There was a pamphlet circulating ere long that said that Nate and Humphrey Hope (which was the other man that was killed the same way) were not murdered at all but stricken down by God for excessive whoring, the which is just the kind of thing I expect the snot-nosed Faithful-brethren to say and an they believe such nice falsehoods will put an end to fornication then ’tis high time England had a King again to put an end to such foolishness and sit down upon these damned Parliamentarians.

I had but xvii years of age when they did cut off the head of king Charles and my father so distressed that he did fast for three days nor took aught but water to drink all that time. But now they are fond bedfellows, the which doth show that not the least among men but hath given up his principles for the sake of an easy life. Beshrew me an ever I do the same.

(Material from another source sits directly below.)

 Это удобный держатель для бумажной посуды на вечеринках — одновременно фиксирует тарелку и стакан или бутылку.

That night I did dream another strange dream, nor did I know that I dreamt, for ’twas so real that I believed I was in my chamber having lately returned for the night. And the ache of my wound keeping me waking there came a knocking at the casement so Insistent that at last I arose from my bed and went to look out at it; and outside, sitting on the air, was a woman all white and her countenance masked; and I fell to panting as if ’twere (this thought came to me in the dream, and I did remember it in the morning) the breath in my body was calling to this creature.

I laid my hand on the window-catch ere I knew what I did; when that I saw’t I moved my hand away and without the figure tapped on the glass again, opening her mouth below the mask to bare her wolf’s teeth, all sharp and fangy. But then the pain of my wound came on so sharp I bent over double with the hurt of it; and when the ache had died down, she was gone and I resumed my bed.

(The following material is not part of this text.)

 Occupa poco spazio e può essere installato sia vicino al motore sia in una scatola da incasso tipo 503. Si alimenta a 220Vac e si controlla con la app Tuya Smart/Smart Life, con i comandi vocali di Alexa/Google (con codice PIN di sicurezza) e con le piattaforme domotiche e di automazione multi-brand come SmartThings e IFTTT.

However day by day my flesh healed, aided by the herbal specifics of Nicholas Griffin that had warned me to abjure magic. And indeed in spite of Roger’s incantation I had received no warning of Hawkin Kemp’s presence; Of whose demise his mother my master’s sister had been apprehended so that she took to wearing a black veil atop her widow’s weeds, the which did call to my mind the creature of Roger southwell when soever I did see her.

I half expected questions of Master Pakeman, but an he knew Kemp died that day I went to Richmond-town he did not connect the two occurrences. And indeed why should he so; knowing neither that I do possess a sword nor that I have skill enough to use it. Nor do I think him like to see a prentice of his acting such a part.

In my mind there are matters spinning that I feel certain are connected, and could I but make those connections I might discover some momentous thing. Is there a link betwixt Roger’s creature and the dead men? Or betwixt my dream and they? I could wish I knew what Roger is doing at this time, as he works towards his cunning scheme to counter her, what soever that may be.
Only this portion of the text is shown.